Bronze · Âme de la Rue
Poppy
Tout le monde la croit ailleurs, les paupières mi-closes — elle a déjà compté la rue deux fois
« Je ne dors pas, je ferme les yeux pour mieux écouter. Bon. Des fois je dors. Trois minutes, montre en main. »
D’où elle vient
Poppy est la fille d’une conductrice de bus de nuit : elle a grandi sur la banquette derrière le poste de conduite, à faire ses devoirs dans les virages et à regarder défiler la Banlieue, la Zone Industrielle et la Rue de la Soif par la vitre embuée. L’école de la rue en circuit complet, un arrêt à la fois : elle connaissait les visages du dernier service, les couples qui se disputent au terminus, les habitués qui montent sans un mot et descendent en saluant. La ville de nuit, elle l’a apprise assise, et c’est resté sa position de travail préférée.
À seize ans, elle dormait n’importe où — dépôt, banquette, abribus — et se réveillait toujours au bon arrêt, fraîche comme une première tournée. Une recruteuse de Maison l’a observée trois nuits de suite à son abribus favori : la fille aux puffs rouges que tout le monde croyait endormie décrivait ensuite la rue mieux qu’une caméra. Embauchée au quatrième passage.
Sa manière
Sa méthode tient à ses paupières : mi-closes. Le monde se raconte devant les gens qu’il croit endormis, et Poppy laisse dire. Postée à un comptoir, une fenêtre, un abribus, elle enregistre tout — qui entre par où, qui paie en gros billets, quelle voiture repasse une fois de trop. Son inquiétude ne dort jamais ; c’est même elle qui monte la garde.

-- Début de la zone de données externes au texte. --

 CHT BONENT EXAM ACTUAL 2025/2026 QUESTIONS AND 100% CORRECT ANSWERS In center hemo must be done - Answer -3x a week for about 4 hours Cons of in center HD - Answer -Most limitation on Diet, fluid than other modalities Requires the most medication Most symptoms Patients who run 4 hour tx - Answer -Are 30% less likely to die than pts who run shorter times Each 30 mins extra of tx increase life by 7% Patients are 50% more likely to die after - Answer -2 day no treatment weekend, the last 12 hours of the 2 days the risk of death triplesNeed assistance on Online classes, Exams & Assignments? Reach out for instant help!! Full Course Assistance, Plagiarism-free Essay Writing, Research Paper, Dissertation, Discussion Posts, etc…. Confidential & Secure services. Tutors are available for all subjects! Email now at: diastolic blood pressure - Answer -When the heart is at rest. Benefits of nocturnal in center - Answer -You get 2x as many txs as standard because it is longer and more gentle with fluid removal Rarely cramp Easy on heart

Mais dehors, rien ne bouge : le soir où le rideau est tombé sur le club d’à côté, Poppy a noté l’heure, fini de dessiner son coquelicot sur la buée, et indiqué à l’écurie l’itinéraire exact que la patrouille ne regardait pas.

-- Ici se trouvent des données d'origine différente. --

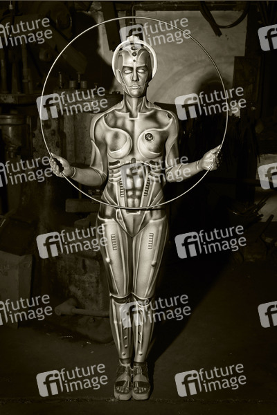 Farbkörper, Cosplay, Cosplayer, Make-up, Latexappliaktionen, Latexteile, Maskenbildnerei, Bodypainting, Body-Painting, Erotik, Frau, Mädchen, nackt, Akt, weiblich, Körperkunst, Körperfarben, Farbe, Bemalung, Kunst, Malerei, Science Fiction, Sci-Fi, SciFi, Fantastic, Roboter, Mensch-Maschine, Android, Werkstatt, Handwerk, Retro, retrofuturistisch, body painting, erotic, woman, girl, nude, female, body art, colors, robot, workshop, craft, retrofuturistic

Son autre talent fait des jaloux dans toute l’écurie : elle récupère comme personne. Trois minutes de vraie nuit, n’importe où, la tête contre une vitre — et elle repart entière, pendant que les autres comptent leurs cernes. Les anciennes appellent ça dormir en coquelicot : fermé le jour, ouvert quand il faut. Elle n’explique pas. Elle bâille, et ça a l’air d’une réponse.
Ce qui la tient debout
À quatre heures du matin, Poppy est à son poste, paupières mi-closes, et c’est précisément pour ça que tout le monde dort tranquille : rien ne traverse une rue qu’elle surveille sans figurer dans son rapport, livré au petit matin d’une voix lente, sans un détail de trop. Ses heures libres, elle les passe aux terminus, à repérer les filles du dernier bus — celles qui rentrent d’un endroit où on ne les traite pas bien. Elle leur garde une place assise, échange trois mots, laisse l’adresse de la Maison. Son rêve avance comme sa ligne de bus : un jour, une salle à elle près d’un arrêt de nuit, avec des banquettes profondes, où l’on pourrait fermer les yeux trois minutes en sécurité. Elle vérifierait.
Son école
Âme de la Rue
L’école de la rue enseigne une seule matière : les gens, en version non maquillée. Tenir un cercle de badauds avec deux gobelets et une histoire, lire une poche, sentir une embrouille trois minutes avant qu’elle arrive. On y gagne un instinct que rien ne remplace ; on y perd le goût du confort — le velours l’ennuie, elle trouve que ça sent le piège. On reconnaît une Âme de la Rue à ceci : elle compte la salle avant d’y entrer, connaît les deux sorties, et parle au videur comme à un cousin… qui lui doit un service.
Son tempérament
L’Anxieuse
Elle vérifie trois fois la caisse, la sortie de secours et la météo ; ses catastrophes n’arrivent jamais, pour la simple raison qu’elle les a toutes annulées d’avance… et qu’elle a besoin qu’on le lui dise.